● **Available data**
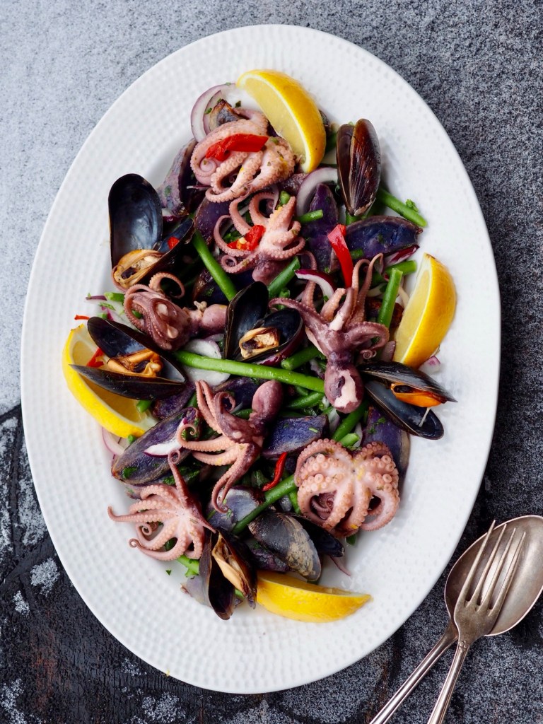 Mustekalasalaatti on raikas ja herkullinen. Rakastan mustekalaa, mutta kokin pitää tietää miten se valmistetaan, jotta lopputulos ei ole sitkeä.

---

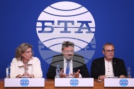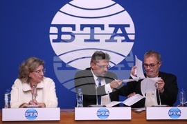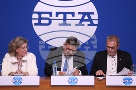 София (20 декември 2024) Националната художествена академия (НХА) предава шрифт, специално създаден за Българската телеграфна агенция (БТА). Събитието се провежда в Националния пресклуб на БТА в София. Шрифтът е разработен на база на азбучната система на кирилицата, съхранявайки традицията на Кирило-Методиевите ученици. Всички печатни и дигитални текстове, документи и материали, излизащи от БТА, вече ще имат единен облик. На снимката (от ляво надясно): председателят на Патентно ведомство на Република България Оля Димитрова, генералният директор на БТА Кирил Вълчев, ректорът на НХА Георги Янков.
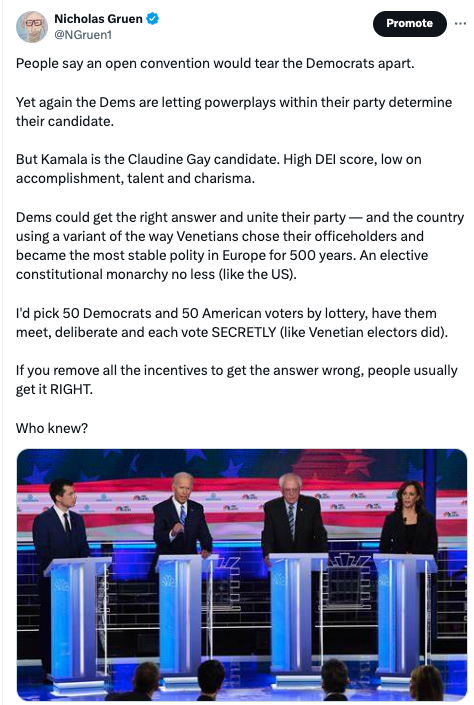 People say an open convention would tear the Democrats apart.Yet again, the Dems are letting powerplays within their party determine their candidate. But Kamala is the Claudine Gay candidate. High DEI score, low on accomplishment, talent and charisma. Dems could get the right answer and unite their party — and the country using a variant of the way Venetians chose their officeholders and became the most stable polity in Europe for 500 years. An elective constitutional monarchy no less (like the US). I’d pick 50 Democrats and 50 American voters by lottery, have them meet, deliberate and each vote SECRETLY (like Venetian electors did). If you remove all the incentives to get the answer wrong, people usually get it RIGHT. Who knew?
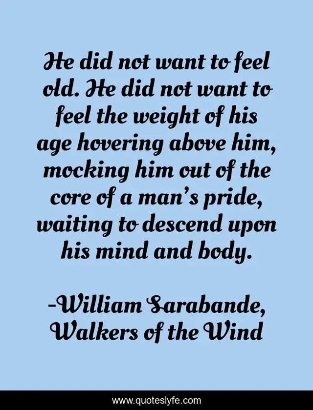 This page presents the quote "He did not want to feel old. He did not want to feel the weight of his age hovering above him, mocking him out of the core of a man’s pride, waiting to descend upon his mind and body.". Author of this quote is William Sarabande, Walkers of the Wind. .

● **Task objective**
Reproduce, word for word, everything in the listing above from the line containing "София (20 декември" down to the line containing "This page presents", both of them included. No pictures.

● **Answer to the exercise**
 София (20 декември 2024) Националната художествена академия (НХА) предава шрифт, специално създаден за Българската телеграфна агенция (БТА). Събитието се провежда в Националния пресклуб на БТА в София. Шрифтът е разработен на база на азбучната система на кирилицата, съхранявайки традицията на Кирило-Методиевите ученици. Всички печатни и дигитални текстове, документи и материали, излизащи от БТА, вече ще имат единен облик. На снимката (от ляво надясно): председателят на Патентно ведомство на Република България Оля Димитрова, генералният директор на БТА Кирил Вълчев, ректорът на НХА Георги Янков.
 People say an open convention would tear the Democrats apart.Yet again, the Dems are letting powerplays within their party determine their candidate. But Kamala is the Claudine Gay candidate. High DEI score, low on accomplishment, talent and charisma. Dems could get the right answer and unite their party — and the country using a variant of the way Venetians chose their officeholders and became the most stable polity in Europe for 500 years. An elective constitutional monarchy no less (like the US). I’d pick 50 Democrats and 50 American voters by lottery, have them meet, deliberate and each vote SECRETLY (like Venetian electors did). If you remove all the incentives to get the answer wrong, people usually get it RIGHT. Who knew?
 This page presents the quote "He did not want to feel old. He did not want to feel the weight of his age hovering above him, mocking him out of the core of a man’s pride, waiting to descend upon his mind and body.". Author of this quote is William Sarabande, Walkers of the Wind. .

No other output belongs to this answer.